Calvin turned back toward him. “That’s you tuning thingsout?”

“There’s more,” Ray said. “But I’m not thinking about it.”

Someone not far away laughed a tinkling laugh. It died when Ray added, “Grief has its own scent. So does anxiety.”

“So,” Calvin went on, slightly faint, “normally, any spare energy you have goes to that, keeping all that at bay, or processing it or whatever you do. But right now, your spare energy is going toward whatever it is that was done to you. It’s no wonder you’re tired. It’s no wonder you have a headache. We should up your caloric uptake beyond the usual werewolf levels. You’re not hungry, I know. Eat anyway. We’ll stop at a market and get you meat or something.”

Ray really didn’t want to eat.

Calvin observed him for another moment, then twisted to consider the girl blatantly watching them. “Anything else you want to look at before we head back?”

“Do you work with them at Rainbow Wings often?” The goblin at the reception desk had certainly seemed to know Calvin.

Calvin harrumphed a little. “It’s good work. And I have more free time than Cal thinks I do.” He turned his head toward a display on the end of one aisle and blew out a breath. He walked toward another row of books without looking back.

Ray turned to consider the display but didn’t see anything noteworthy about it, except that it possibly had books for or about being children on it.
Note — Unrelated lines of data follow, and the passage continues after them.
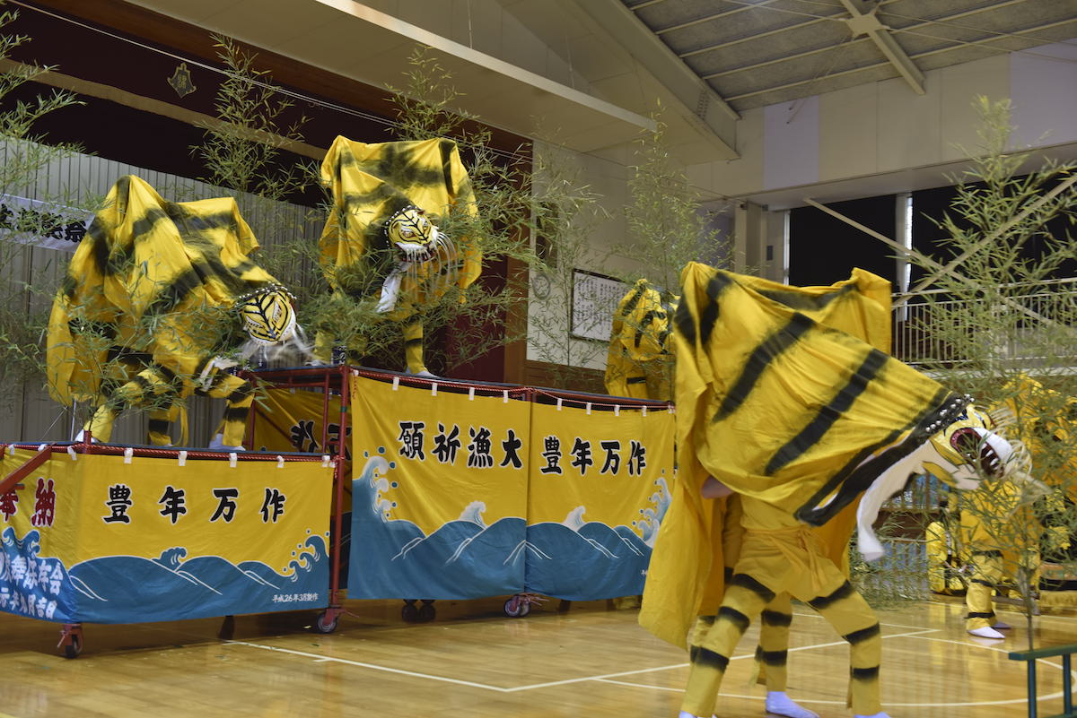 その次は、虎が5匹も登場する「山田境田虎舞」の演舞!虎の威を借りて海難をもたらす風を鎮め、海上安全、大漁満作、家内安全などを祈願する意味が込められている。
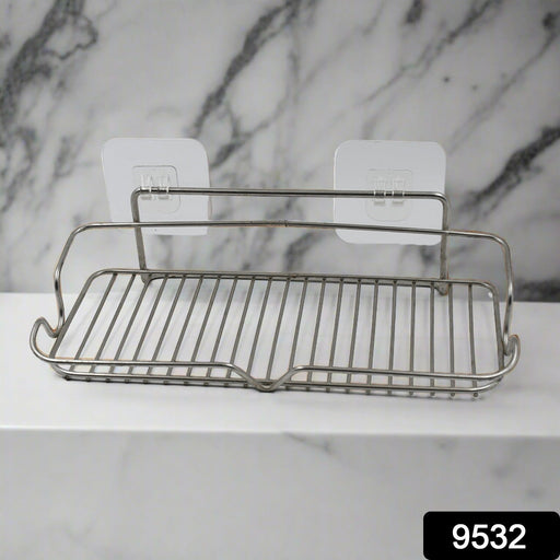 Stainless Steel Kitchen Bathroom Shower Shelf Storage Suction Basket Rack Adhesive Shower Shelf Rack, Wall Mounted Self-Adhesive No Drilling (1 Pc...
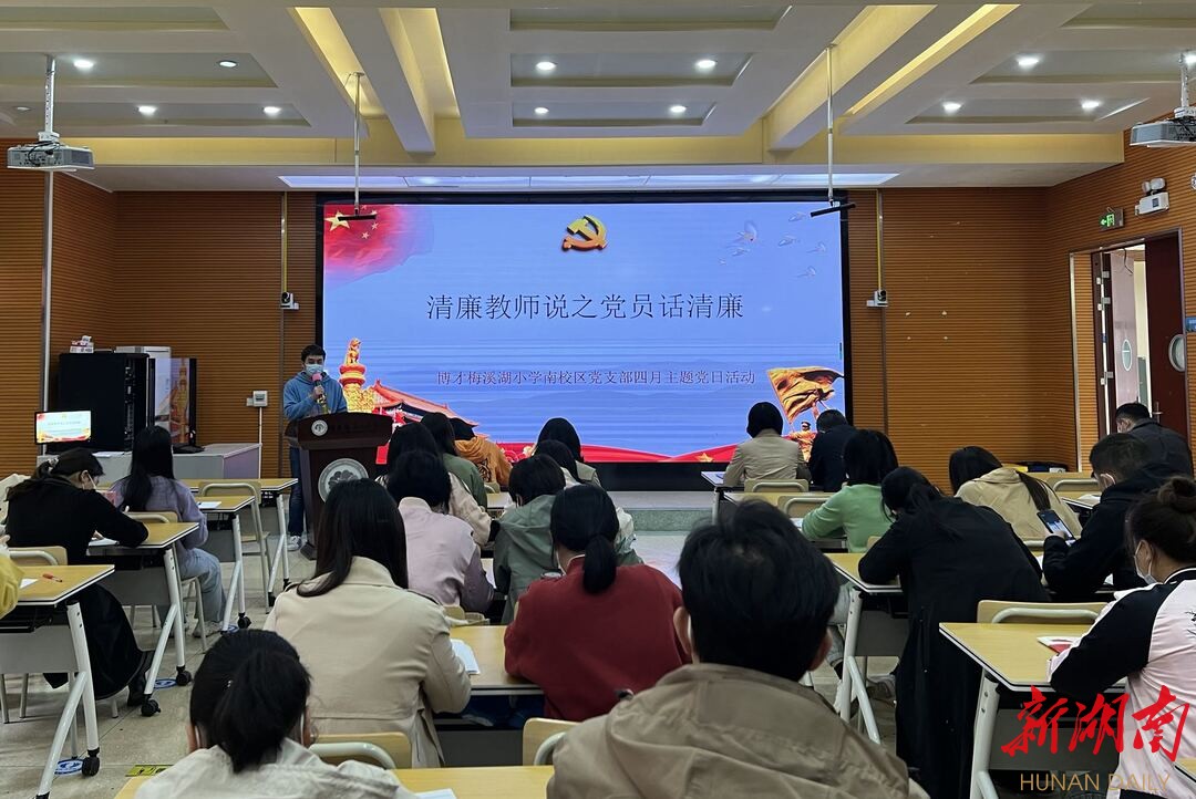 “无论是在家里还是学校,无论是在国内还是国外,徐特立始终勤俭朴实,廉洁奉公……”日前,博才梅溪湖小学开展“清廉教师说之党员话清廉”主题党日活动,4名党员教师依次上台讲述清廉故事,传承清廉师风。
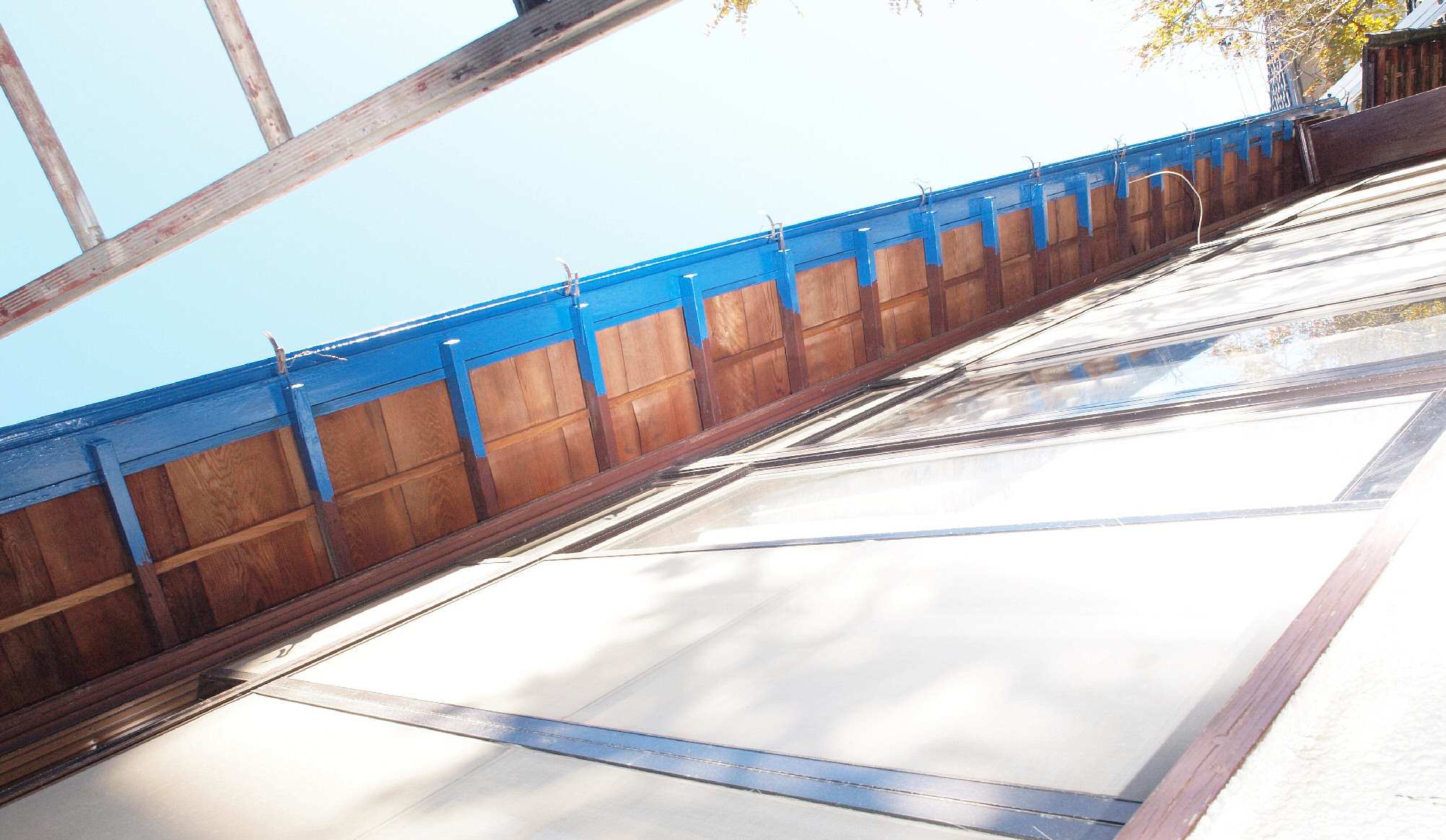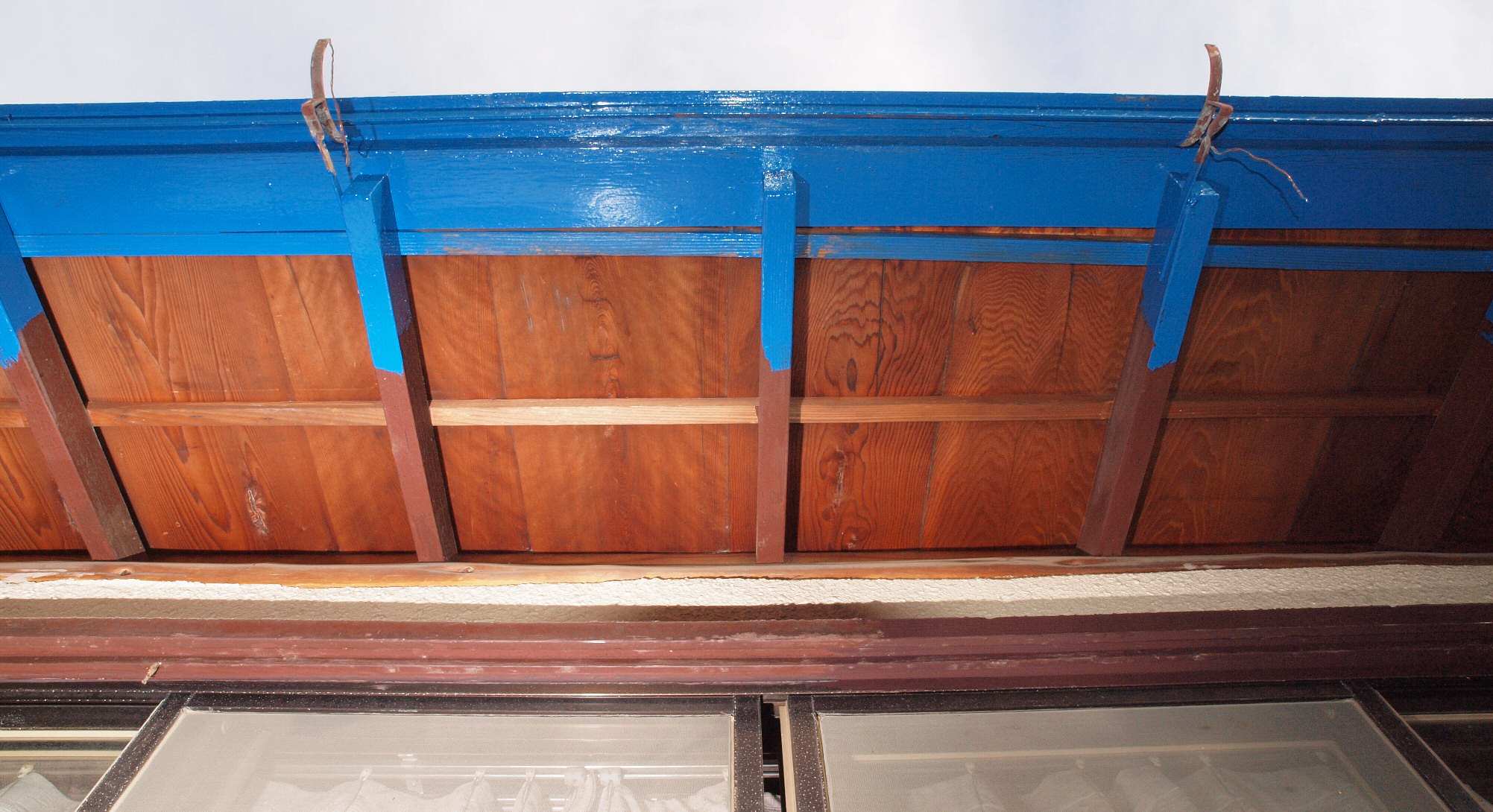 | 41. 修理(清掃後)中 1F南側軒天中央部 下から、拡大。 廣小舞にペイントが無? |

Children’s books, the kind that were a mix of words and drawings, for grade school readers. He saw a tiny elf or fairy, a much larger knight in armor, and a sparkling wizard, each on their own cover. They seemed fine, although Ray had no eye for art.

A slow-moving, small, slender, fragile human came around one of the bookshelves. Not a customer like Ray had guessed, but much too ancient to be a regular employee despite the feather duster in one delicate hand. Ray moved back, although he was nowhere near the elderly human, and in truth, the elderly human barely glanced at him except to look up at the size of him.
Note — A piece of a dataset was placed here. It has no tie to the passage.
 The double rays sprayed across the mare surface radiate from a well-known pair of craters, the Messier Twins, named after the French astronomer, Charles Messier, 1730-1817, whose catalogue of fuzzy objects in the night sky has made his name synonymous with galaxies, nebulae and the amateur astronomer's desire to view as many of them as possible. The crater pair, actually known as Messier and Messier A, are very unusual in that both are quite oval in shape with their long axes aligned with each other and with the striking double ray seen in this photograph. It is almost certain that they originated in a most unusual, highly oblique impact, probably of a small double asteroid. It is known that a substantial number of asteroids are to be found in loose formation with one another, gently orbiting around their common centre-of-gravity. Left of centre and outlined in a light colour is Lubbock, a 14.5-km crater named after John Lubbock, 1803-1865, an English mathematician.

Ray kept his distance all the same, watching the figure in the long skirt and layers of shawls move gracefully around displays while he waited for Calvin to return.

Two customers entered the store, walking together. Ray considered the candy in his hand, if he ought to put it back. If this was meant to be, it wouldn’t matter, but Ray didn’t understand magic, much less seers and what they saw.

He put his free hand to his forehead but lowered it at the approach of a person, one of the two who had just entered. The other was staring at the candy rack. Humans, at first glance, and male, at least also at first glance, white and only in their twenties or thirties. They were in suits, nice ones, although not bespoke. But comics drew all types.

Ray was about to look away again when he caught the eye of the one nearest to him. They were both still some distance away, which seemed strange for people intent on eye contact and conversation.

“Detective Branigan?” the human asked. Ray must know him, or had known him, and the magic had made him forget, which meant the man must know Cal too.